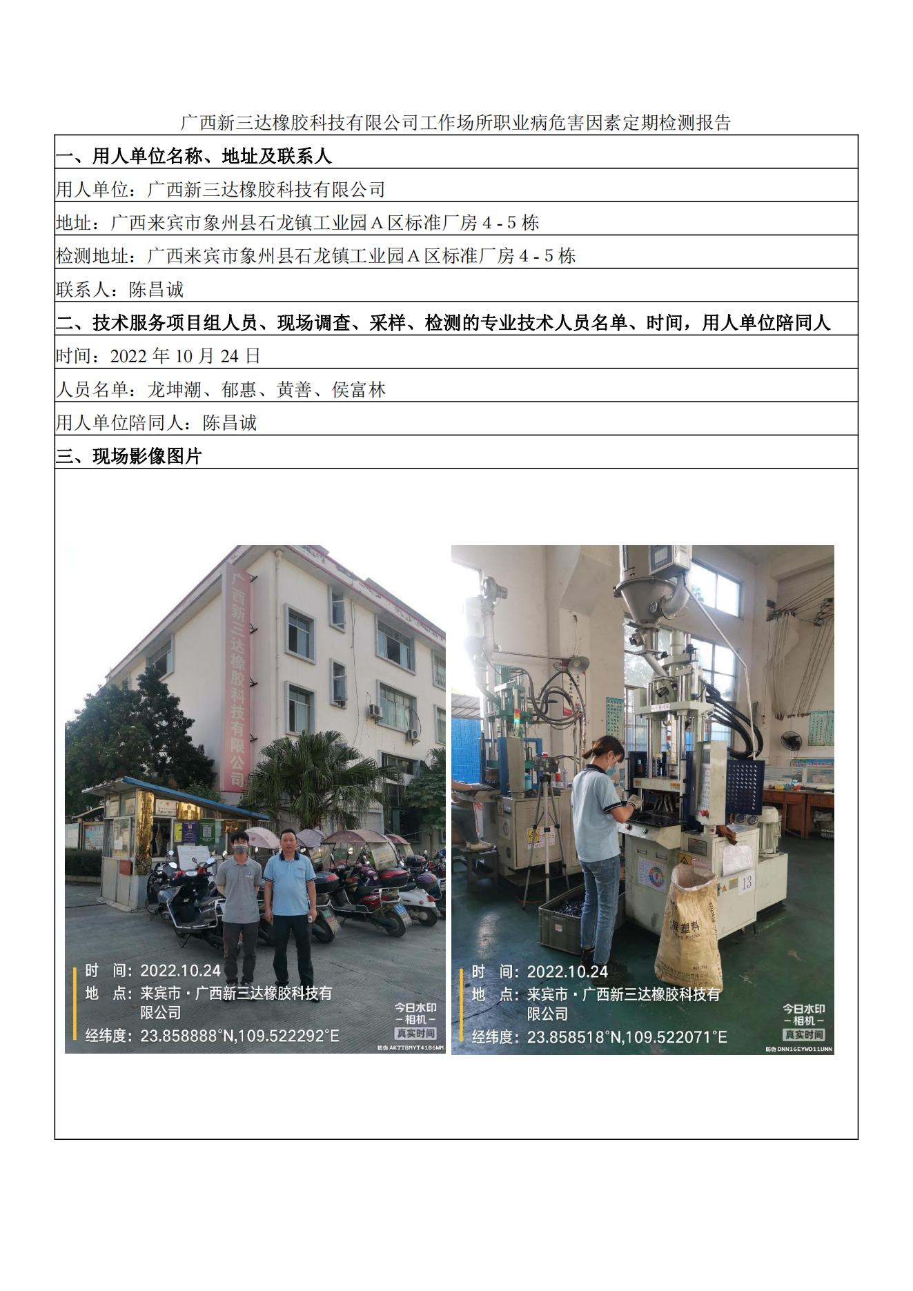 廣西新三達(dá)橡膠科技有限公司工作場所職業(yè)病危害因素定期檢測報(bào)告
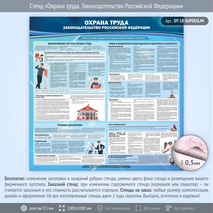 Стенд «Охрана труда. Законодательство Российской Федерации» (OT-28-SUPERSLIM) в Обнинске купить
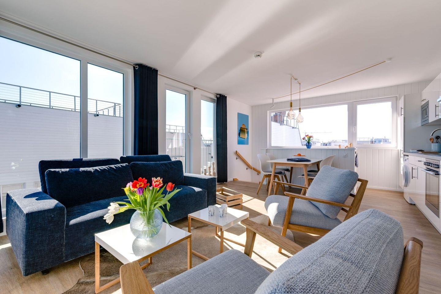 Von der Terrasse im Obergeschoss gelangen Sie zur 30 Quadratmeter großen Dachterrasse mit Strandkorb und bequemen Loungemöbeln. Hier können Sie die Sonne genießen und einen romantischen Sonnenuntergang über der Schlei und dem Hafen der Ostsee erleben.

> [EXERCISE BRIEF]:
Please write out the whole listing exactly, but not the pictures in it.

> [ANSWER FOR THIS EXERCISE]:
 廣西新三達(dá)橡膠科技有限公司工作場所職業(yè)病危害因素定期檢測報(bào)告
 Стенд «Охрана труда. Законодательство Российской Федерации» (OT-28-SUPERSLIM) в Обнинске купить
 Von der Terrasse im Obergeschoss gelangen Sie zur 30 Quadratmeter großen Dachterrasse mit Strandkorb und bequemen Loungemöbeln. Hier können Sie die Sonne genießen und einen romantischen Sonnenuntergang über der Schlei und dem Hafen der Ostsee erleben.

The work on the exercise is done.